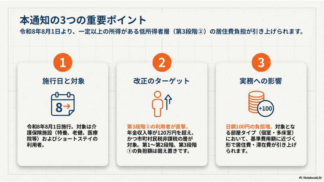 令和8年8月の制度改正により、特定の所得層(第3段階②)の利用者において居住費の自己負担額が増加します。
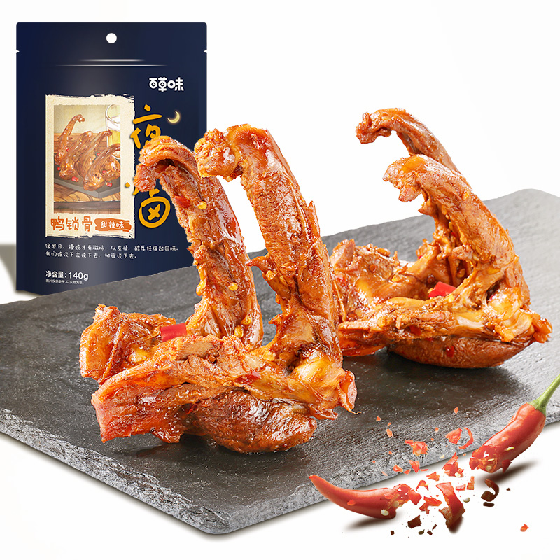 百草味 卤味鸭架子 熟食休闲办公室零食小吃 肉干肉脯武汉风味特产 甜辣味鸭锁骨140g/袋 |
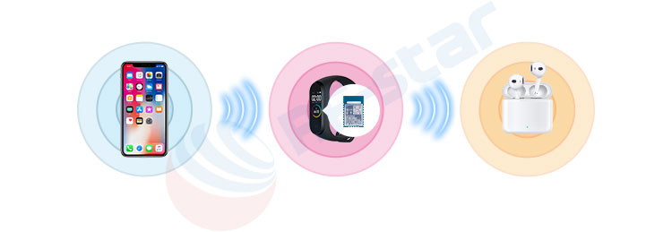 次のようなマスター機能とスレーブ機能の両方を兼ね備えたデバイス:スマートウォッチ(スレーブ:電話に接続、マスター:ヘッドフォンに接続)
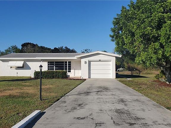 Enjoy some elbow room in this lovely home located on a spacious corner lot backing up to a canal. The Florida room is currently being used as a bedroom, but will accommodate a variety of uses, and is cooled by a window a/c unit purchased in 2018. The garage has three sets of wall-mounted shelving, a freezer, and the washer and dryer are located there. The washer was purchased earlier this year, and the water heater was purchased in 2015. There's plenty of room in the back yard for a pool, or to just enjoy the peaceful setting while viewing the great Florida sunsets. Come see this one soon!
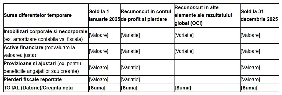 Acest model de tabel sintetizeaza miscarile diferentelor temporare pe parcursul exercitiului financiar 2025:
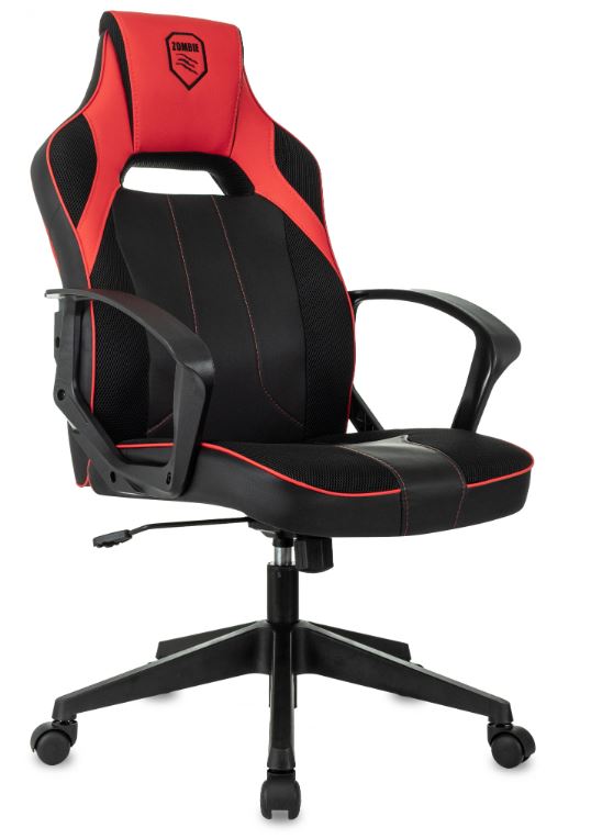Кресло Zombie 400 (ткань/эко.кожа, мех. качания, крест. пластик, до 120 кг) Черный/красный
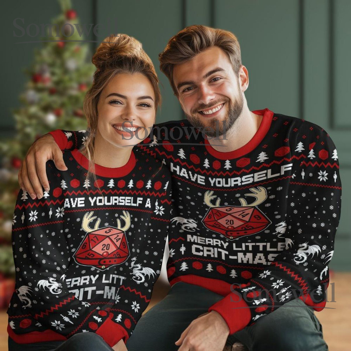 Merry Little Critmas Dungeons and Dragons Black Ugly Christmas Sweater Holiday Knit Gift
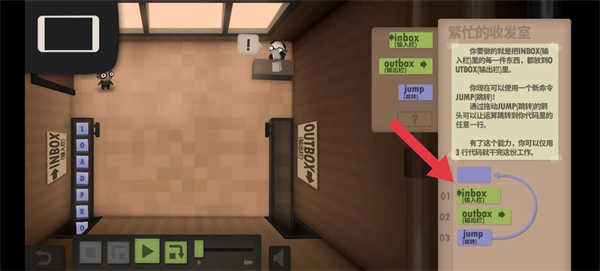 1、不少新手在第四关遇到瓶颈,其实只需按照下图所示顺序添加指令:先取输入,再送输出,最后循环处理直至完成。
○ ○ ○ ○ ○ ○ ○
**TASK STATEMENT**
Write out word for word the lines above that run from the one with "Acest model de" to the one with "Merry Little Critmas". Include both end lines; exclude the images.

**PROBLEM SOLUTION**
 Acest model de tabel sintetizeaza miscarile diferentelor temporare pe parcursul exercitiului financiar 2025:
Кресло Zombie 400 (ткань/эко.кожа, мех. качания, крест. пластик, до 120 кг) Черный/красный
 Merry Little Critmas Dungeons and Dragons Black Ugly Christmas Sweater Holiday Knit Gift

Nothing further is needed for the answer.